Thursday, July 11, 2019

Yaesu FT-3 Instruction Manual Review



Perhaps HVDN will start a new trend where we do a review of instruction manuals and everyone else follows along. Lets start this amazing idea off with the FCC approved Yaesu FT-3 radio manual now available.

FCC ID:  K6620725X20 Manual Review

So many products today in amateur radio land almost seem to ship with little documented information on how to use them.  As digital voice radios continue to get more complex, there are "certain vendors" that do not put any effort into a decent instruction manual.

Yaesu is one vendor that actually does put forth good effort in trying to document almost every function, quirk and specification possible, so we thank you very much for that.

This article will hit on a few interesting nuggets found in the new Yaesu FT-3 C4FM capable dual band hand held radio.  We will not discuss the "how to install the battery or hand-strap" unfortunately.


As predicted with absolute precision all the way back on May 28th 2019 in our "FCC Update:  FT-3 cleared for launch" article, the instruction manual would be made public for our eyes to gawk at on July 10th.  A much better version will soon appear on the Yaesu website though, so please be aware of that.

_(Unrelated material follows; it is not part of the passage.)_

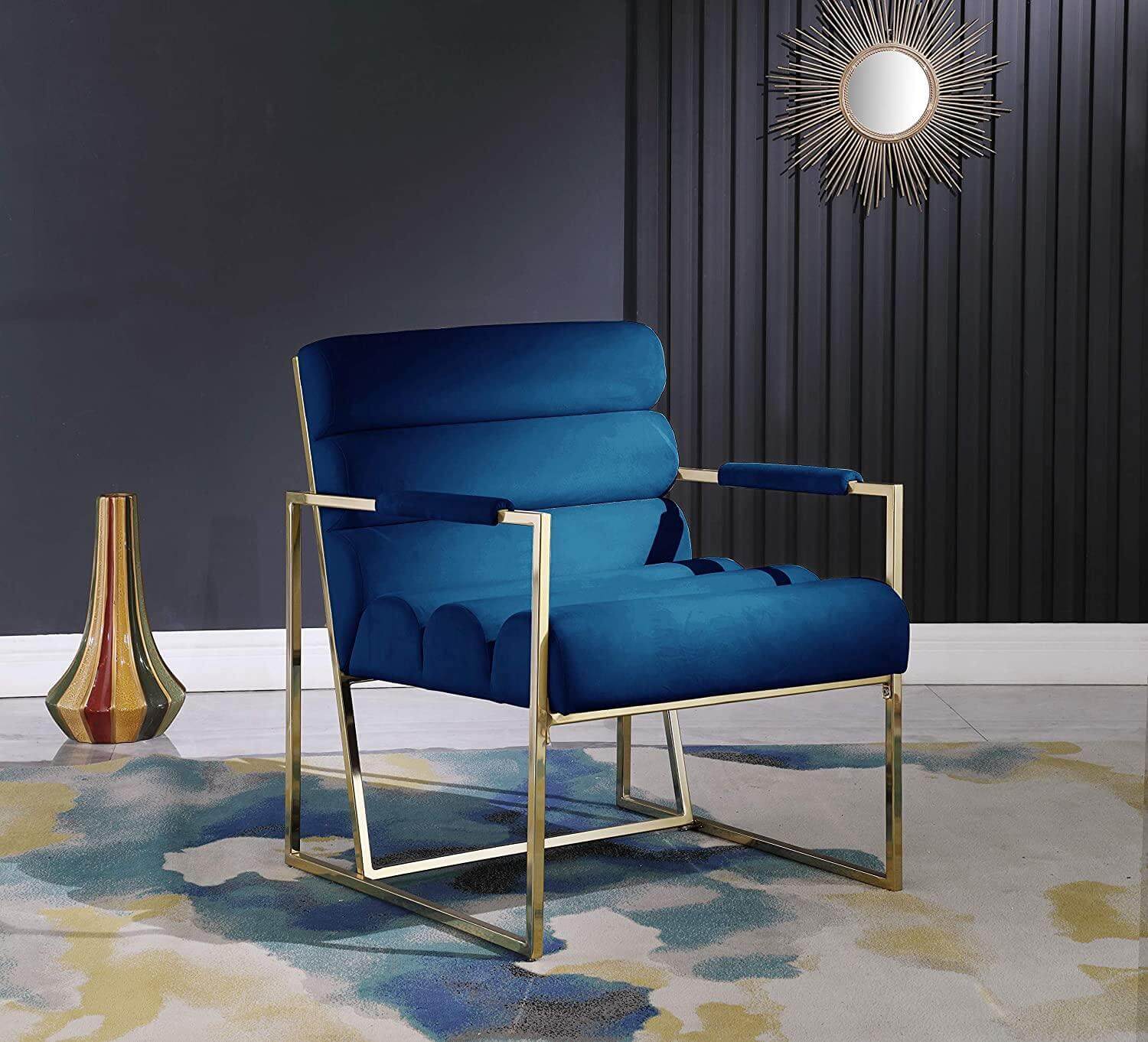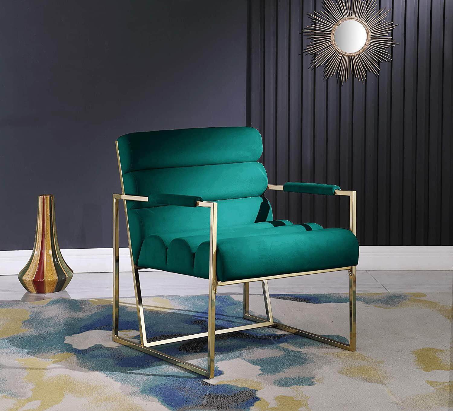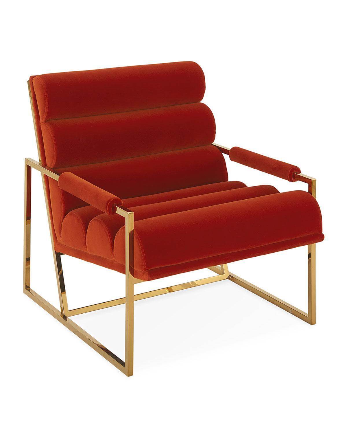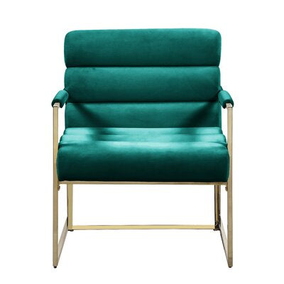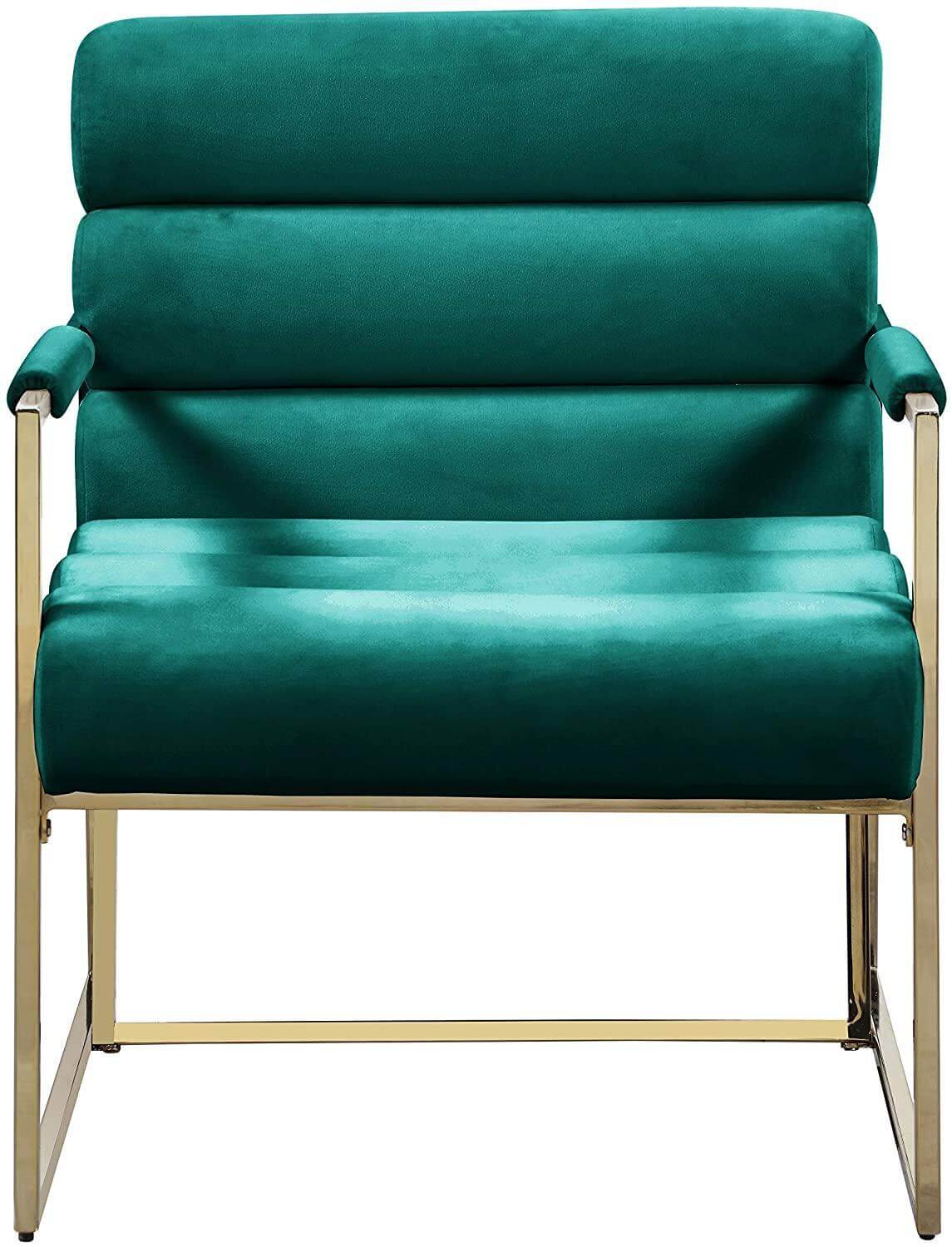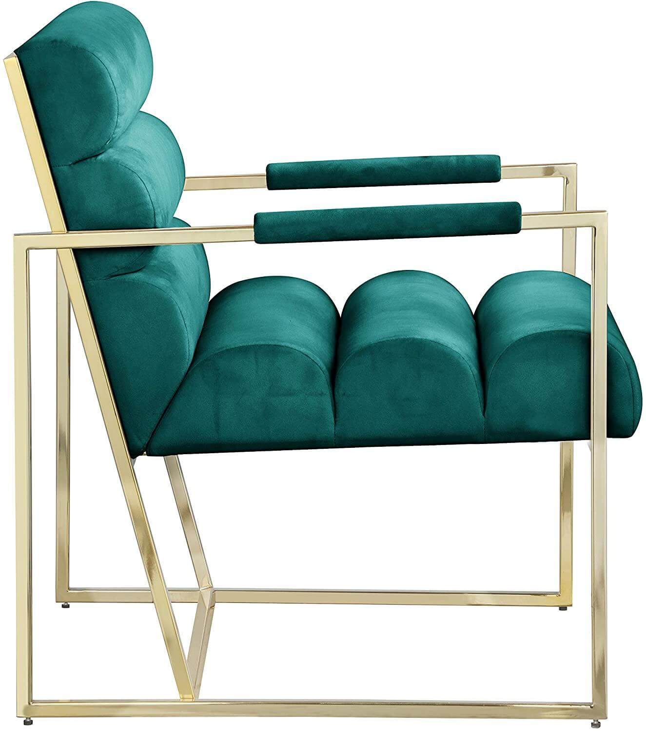 Trendsetter Green Velvet Gold Armchair. Luxury design golden mirror stainless steel frame armchair with red velvet seat back, use high density foam in order to bring more comfortable and easeful to user. Suitable for hotel lobby, home living room, office or high class restaurant.

This basic manual is not even available on Yaesu's website yet.  For anyone ever complaining about government dysfunction, the person responsible for pressing buttons at the FCC is doing a great job.



 Lets Review Page....



The really fantastic thing about page 11 is that Yaesu is pretty much telling us specifically that battery life will be near horrible with this radio just like the brochure pointed out so we all knew what we were in for after the $500 investment involved in acquiring a Yaesu FT-3.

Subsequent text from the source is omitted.